Instructions to follow:
Start to finish, retype the entries exactly while omitting the pictures.

Data shown:
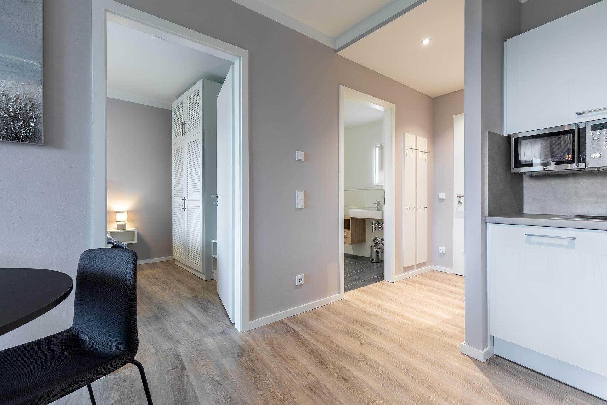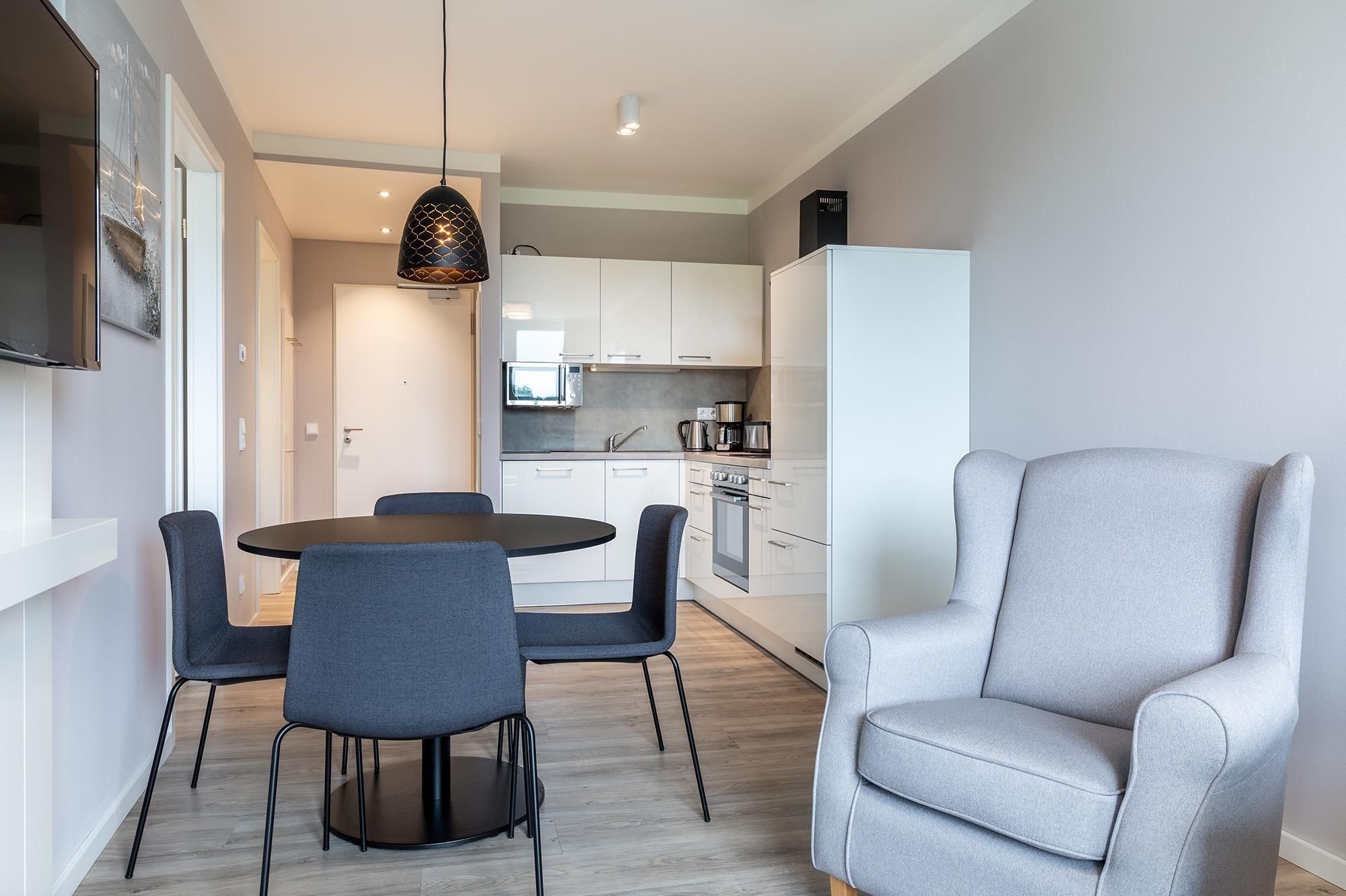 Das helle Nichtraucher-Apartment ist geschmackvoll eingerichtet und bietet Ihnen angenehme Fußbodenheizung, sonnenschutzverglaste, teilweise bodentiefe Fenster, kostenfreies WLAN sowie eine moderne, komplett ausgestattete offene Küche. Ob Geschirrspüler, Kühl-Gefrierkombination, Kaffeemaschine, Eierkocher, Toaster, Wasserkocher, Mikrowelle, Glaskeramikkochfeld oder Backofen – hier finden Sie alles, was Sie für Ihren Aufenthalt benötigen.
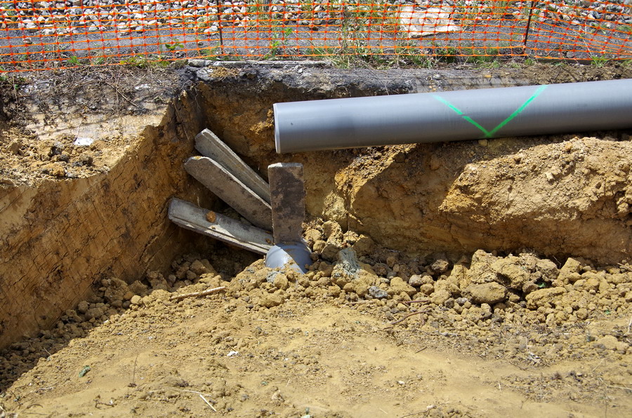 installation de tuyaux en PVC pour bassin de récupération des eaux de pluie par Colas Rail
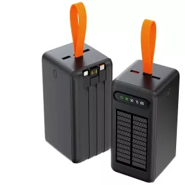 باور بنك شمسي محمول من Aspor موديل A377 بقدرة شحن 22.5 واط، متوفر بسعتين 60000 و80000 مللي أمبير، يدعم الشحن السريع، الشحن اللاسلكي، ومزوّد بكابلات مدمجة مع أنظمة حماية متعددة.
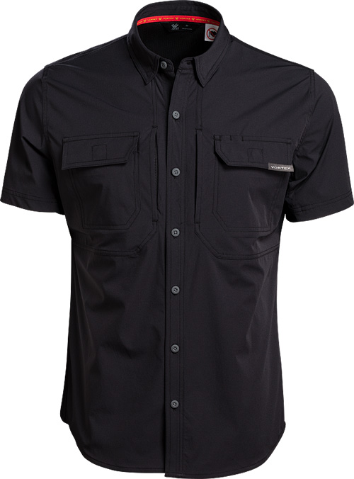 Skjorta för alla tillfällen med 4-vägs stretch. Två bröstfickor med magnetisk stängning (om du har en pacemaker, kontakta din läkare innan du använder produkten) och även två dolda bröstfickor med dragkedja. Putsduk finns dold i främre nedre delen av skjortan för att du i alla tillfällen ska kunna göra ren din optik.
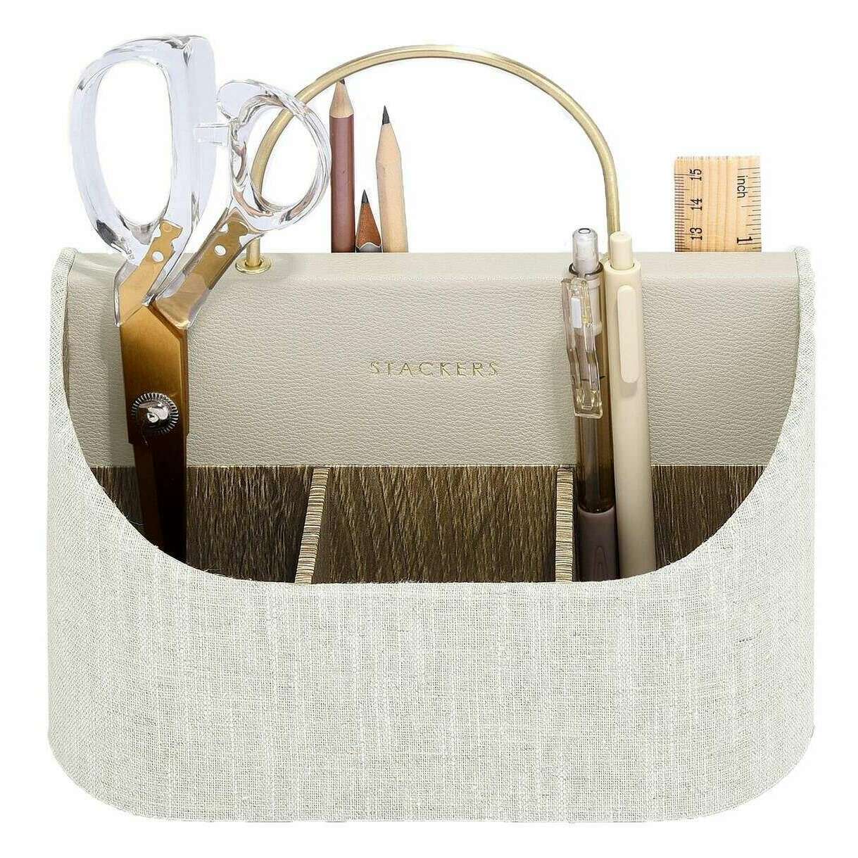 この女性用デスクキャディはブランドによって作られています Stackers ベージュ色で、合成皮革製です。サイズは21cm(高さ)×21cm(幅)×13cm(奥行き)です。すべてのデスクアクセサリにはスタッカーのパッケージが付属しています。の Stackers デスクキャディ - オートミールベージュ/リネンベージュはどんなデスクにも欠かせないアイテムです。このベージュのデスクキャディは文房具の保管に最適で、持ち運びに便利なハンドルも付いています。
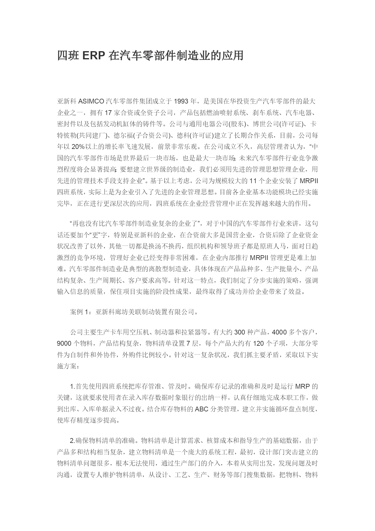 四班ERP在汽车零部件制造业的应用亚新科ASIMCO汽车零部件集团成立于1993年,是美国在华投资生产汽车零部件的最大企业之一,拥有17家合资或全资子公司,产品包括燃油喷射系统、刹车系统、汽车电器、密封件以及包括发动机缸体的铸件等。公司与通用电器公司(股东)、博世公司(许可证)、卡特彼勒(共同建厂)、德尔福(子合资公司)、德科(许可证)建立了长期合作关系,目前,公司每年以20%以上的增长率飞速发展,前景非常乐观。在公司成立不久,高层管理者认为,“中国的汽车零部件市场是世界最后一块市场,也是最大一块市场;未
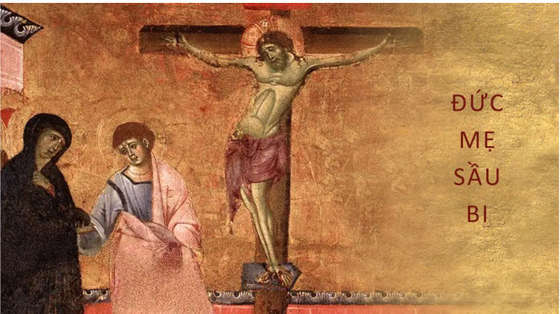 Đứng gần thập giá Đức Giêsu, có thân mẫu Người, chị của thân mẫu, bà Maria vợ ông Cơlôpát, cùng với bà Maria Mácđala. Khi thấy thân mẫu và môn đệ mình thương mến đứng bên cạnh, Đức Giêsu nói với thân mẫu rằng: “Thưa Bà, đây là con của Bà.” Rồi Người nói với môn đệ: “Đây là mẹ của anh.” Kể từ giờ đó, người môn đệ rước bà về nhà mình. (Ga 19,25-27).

Response to this task:
 Das helle Nichtraucher-Apartment ist geschmackvoll eingerichtet und bietet Ihnen angenehme Fußbodenheizung, sonnenschutzverglaste, teilweise bodentiefe Fenster, kostenfreies WLAN sowie eine moderne, komplett ausgestattete offene Küche. Ob Geschirrspüler, Kühl-Gefrierkombination, Kaffeemaschine, Eierkocher, Toaster, Wasserkocher, Mikrowelle, Glaskeramikkochfeld oder Backofen – hier finden Sie alles, was Sie für Ihren Aufenthalt benötigen.
 installation de tuyaux en PVC pour bassin de récupération des eaux de pluie par Colas Rail
 باور بنك شمسي محمول من Aspor موديل A377 بقدرة شحن 22.5 واط، متوفر بسعتين 60000 و80000 مللي أمبير، يدعم الشحن السريع، الشحن اللاسلكي، ومزوّد بكابلات مدمجة مع أنظمة حماية متعددة.
 Skjorta för alla tillfällen med 4-vägs stretch. Två bröstfickor med magnetisk stängning (om du har en pacemaker, kontakta din läkare innan du använder produkten) och även två dolda bröstfickor med dragkedja. Putsduk finns dold i främre nedre delen av skjortan för att du i alla tillfällen ska kunna göra ren din optik.
 この女性用デスクキャディはブランドによって作られています Stackers ベージュ色で、合成皮革製です。サイズは21cm(高さ)×21cm(幅)×13cm(奥行き)です。すべてのデスクアクセサリにはスタッカーのパッケージが付属しています。の Stackers デスクキャディ - オートミールベージュ/リネンベージュはどんなデスクにも欠かせないアイテムです。このベージュのデスクキャディは文房具の保管に最適で、持ち運びに便利なハンドルも付いています。
 四班ERP在汽车零部件制造业的应用亚新科ASIMCO汽车零部件集团成立于1993年,是美国在华投资生产汽车零部件的最大企业之一,拥有17家合资或全资子公司,产品包括燃油喷射系统、刹车系统、汽车电器、密封件以及包括发动机缸体的铸件等。公司与通用电器公司(股东)、博世公司(许可证)、卡特彼勒(共同建厂)、德尔福(子合资公司)、德科(许可证)建立了长期合作关系,目前,公司每年以20%以上的增长率飞速发展,前景非常乐观。在公司成立不久,高层管理者认为,“中国的汽车零部件市场是世界最后一块市场,也是最大一块市场;未
 Đứng gần thập giá Đức Giêsu, có thân mẫu Người, chị của thân mẫu, bà Maria vợ ông Cơlôpát, cùng với bà Maria Mácđala. Khi thấy thân mẫu và môn đệ mình thương mến đứng bên cạnh, Đức Giêsu nói với thân mẫu rằng: “Thưa Bà, đây là con của Bà.” Rồi Người nói với môn đệ: “Đây là mẹ của anh.” Kể từ giờ đó, người môn đệ rước bà về nhà mình. (Ga 19,25-27).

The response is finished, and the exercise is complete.